**PROBLEM:** Find each line below containing the word "unas" and copy it.

**INPUT:**
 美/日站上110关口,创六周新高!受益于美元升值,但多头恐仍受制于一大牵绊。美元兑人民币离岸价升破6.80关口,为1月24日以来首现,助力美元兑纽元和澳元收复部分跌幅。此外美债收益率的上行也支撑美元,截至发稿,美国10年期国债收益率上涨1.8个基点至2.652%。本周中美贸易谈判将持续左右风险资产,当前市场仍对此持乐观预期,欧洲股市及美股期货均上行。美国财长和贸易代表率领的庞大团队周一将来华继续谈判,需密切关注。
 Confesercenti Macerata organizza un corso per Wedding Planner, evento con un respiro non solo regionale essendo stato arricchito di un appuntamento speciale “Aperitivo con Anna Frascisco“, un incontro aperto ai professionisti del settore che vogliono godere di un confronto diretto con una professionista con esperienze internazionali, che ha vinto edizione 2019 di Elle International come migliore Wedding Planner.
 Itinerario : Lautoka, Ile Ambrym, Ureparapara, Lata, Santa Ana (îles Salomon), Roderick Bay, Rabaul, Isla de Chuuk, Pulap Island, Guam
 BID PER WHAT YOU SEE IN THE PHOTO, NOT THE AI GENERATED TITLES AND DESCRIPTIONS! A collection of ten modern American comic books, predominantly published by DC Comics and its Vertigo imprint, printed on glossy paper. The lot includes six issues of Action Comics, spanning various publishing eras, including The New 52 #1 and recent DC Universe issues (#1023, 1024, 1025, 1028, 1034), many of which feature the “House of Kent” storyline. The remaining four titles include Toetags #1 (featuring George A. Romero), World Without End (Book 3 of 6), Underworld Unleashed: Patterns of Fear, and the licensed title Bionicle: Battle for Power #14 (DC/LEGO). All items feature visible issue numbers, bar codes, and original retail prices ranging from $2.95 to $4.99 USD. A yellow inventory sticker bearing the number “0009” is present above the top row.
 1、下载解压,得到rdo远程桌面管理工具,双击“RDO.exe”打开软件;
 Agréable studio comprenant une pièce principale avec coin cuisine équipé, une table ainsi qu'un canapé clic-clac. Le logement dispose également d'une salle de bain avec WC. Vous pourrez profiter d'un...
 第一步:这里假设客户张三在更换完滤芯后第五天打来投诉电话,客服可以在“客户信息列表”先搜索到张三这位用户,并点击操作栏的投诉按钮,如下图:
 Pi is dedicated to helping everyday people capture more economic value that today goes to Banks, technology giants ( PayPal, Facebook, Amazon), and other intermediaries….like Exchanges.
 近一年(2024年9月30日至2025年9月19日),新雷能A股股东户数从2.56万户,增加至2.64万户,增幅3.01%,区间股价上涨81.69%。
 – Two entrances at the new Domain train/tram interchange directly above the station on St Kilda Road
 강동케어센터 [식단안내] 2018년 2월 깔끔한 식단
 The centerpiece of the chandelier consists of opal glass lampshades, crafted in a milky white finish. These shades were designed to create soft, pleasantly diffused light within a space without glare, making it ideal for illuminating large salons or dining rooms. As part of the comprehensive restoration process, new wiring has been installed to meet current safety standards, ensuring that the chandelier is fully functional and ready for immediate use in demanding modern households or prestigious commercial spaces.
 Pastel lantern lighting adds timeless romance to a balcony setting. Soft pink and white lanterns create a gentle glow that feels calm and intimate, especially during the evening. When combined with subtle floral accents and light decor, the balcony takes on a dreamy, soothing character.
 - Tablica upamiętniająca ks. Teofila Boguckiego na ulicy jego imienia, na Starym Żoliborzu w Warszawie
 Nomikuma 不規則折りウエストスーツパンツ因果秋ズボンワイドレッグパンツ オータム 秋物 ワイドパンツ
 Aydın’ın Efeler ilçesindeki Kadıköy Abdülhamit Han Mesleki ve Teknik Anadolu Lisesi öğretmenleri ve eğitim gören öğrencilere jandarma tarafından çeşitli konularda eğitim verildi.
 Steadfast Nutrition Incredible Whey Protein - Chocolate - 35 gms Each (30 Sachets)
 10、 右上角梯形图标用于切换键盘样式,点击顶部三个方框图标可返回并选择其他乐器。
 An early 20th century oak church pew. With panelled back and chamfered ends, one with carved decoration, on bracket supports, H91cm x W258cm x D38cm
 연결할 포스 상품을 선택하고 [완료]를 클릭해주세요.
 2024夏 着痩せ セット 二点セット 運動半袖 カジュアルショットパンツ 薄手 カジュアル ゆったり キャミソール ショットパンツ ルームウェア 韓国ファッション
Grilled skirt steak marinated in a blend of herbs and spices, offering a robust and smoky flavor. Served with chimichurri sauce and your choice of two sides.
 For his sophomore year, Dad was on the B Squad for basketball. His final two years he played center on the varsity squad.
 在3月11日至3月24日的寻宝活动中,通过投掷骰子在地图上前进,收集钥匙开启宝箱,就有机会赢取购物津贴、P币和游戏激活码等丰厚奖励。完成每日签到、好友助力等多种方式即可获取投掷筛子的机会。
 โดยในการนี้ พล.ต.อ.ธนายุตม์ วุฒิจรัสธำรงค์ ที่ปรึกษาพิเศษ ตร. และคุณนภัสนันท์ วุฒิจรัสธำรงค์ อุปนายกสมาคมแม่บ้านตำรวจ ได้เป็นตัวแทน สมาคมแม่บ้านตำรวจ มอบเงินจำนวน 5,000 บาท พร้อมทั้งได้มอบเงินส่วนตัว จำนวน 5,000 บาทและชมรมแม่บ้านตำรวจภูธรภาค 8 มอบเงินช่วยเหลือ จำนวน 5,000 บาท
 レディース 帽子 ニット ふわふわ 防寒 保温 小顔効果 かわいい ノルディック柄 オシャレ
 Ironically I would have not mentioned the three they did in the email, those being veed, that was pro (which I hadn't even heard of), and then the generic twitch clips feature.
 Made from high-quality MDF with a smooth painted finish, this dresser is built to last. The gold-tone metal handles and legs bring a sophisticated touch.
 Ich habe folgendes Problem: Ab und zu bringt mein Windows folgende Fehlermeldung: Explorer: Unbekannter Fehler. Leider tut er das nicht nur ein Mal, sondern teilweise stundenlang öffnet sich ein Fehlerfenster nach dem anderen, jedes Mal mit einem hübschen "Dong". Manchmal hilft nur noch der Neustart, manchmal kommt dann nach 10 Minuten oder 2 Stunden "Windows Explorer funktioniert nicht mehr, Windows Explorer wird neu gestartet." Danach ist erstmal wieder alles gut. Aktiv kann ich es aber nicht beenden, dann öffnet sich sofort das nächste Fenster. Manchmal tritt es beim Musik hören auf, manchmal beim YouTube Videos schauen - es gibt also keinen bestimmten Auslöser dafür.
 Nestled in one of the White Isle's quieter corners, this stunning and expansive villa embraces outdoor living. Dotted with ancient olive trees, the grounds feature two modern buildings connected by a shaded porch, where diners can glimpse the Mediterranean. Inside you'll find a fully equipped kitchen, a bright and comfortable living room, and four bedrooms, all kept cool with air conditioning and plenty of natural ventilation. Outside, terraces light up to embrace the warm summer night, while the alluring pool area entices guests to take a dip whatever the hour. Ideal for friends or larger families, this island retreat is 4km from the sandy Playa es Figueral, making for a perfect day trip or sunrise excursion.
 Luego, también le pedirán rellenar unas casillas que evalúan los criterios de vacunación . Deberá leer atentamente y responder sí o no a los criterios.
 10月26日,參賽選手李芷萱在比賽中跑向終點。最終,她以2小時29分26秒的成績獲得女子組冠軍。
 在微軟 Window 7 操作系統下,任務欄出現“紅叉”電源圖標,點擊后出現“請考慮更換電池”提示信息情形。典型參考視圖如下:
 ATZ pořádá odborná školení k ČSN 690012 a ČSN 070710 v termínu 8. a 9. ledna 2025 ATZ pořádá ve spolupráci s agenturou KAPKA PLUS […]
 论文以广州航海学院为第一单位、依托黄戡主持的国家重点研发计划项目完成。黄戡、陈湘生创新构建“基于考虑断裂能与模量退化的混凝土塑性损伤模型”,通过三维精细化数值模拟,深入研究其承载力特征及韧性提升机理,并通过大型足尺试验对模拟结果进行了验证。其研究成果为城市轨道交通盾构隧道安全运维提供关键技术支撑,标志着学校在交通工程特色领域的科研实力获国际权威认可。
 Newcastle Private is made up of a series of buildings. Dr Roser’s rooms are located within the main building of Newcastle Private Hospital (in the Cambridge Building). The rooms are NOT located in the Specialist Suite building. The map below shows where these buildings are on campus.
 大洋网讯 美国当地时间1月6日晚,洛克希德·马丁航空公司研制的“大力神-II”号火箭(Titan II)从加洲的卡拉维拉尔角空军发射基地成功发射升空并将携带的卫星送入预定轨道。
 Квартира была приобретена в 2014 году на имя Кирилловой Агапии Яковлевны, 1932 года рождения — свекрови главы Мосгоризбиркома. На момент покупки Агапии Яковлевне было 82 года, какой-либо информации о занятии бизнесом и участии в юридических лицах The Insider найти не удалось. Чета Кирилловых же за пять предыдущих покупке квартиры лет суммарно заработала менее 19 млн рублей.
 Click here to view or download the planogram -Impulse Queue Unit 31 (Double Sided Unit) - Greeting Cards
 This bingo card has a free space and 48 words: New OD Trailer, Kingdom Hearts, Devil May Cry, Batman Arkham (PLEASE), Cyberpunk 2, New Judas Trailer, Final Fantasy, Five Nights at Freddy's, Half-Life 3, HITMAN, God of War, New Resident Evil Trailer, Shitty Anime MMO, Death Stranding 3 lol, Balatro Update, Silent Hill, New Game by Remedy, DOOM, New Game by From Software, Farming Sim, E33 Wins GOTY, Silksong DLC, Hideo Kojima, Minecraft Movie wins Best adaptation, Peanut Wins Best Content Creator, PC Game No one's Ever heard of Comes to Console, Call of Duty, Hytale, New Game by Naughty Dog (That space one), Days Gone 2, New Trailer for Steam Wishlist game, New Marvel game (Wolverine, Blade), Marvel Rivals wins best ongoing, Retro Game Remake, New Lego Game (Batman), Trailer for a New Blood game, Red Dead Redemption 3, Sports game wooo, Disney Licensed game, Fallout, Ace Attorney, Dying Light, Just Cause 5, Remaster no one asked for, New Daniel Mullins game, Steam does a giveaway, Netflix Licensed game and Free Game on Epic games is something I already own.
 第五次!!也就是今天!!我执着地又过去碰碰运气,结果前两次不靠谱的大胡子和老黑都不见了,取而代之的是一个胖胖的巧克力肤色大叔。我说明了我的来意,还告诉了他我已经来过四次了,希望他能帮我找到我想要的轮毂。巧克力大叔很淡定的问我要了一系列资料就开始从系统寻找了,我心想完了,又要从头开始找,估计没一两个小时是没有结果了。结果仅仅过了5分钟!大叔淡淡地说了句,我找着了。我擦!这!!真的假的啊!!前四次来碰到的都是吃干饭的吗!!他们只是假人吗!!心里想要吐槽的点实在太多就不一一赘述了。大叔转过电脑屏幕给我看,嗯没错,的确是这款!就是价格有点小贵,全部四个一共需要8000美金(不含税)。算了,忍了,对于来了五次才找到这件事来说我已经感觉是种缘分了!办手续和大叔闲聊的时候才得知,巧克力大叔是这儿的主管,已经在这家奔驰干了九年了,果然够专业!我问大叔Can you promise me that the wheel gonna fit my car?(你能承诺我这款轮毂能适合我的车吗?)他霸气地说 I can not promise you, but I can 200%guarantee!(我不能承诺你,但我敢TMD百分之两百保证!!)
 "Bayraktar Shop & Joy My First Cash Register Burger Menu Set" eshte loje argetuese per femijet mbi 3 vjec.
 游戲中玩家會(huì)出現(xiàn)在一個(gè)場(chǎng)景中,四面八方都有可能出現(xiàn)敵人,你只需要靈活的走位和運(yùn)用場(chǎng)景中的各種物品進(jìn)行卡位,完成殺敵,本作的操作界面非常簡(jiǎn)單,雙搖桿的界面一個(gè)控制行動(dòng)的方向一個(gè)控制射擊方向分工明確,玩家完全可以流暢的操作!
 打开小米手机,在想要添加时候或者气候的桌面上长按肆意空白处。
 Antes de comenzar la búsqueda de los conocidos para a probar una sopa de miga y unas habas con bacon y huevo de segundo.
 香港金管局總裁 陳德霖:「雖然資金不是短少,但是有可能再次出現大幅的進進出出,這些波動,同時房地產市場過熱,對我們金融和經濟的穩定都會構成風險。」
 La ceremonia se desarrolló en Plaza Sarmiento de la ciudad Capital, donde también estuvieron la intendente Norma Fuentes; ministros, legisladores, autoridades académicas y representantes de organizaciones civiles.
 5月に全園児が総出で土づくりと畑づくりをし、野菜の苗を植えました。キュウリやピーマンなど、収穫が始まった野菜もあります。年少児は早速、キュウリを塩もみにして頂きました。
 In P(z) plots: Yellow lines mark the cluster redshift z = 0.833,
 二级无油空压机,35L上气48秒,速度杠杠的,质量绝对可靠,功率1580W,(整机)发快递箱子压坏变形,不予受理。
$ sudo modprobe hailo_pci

**WRITTEN SOLUTION:**
 Luego, también le pedirán rellenar unas casillas que evalúan los criterios de vacunación . Deberá leer atentamente y responder sí o no a los criterios.
 Antes de comenzar la búsqueda de los conocidos para a probar una sopa de miga y unas habas con bacon y huevo de segundo.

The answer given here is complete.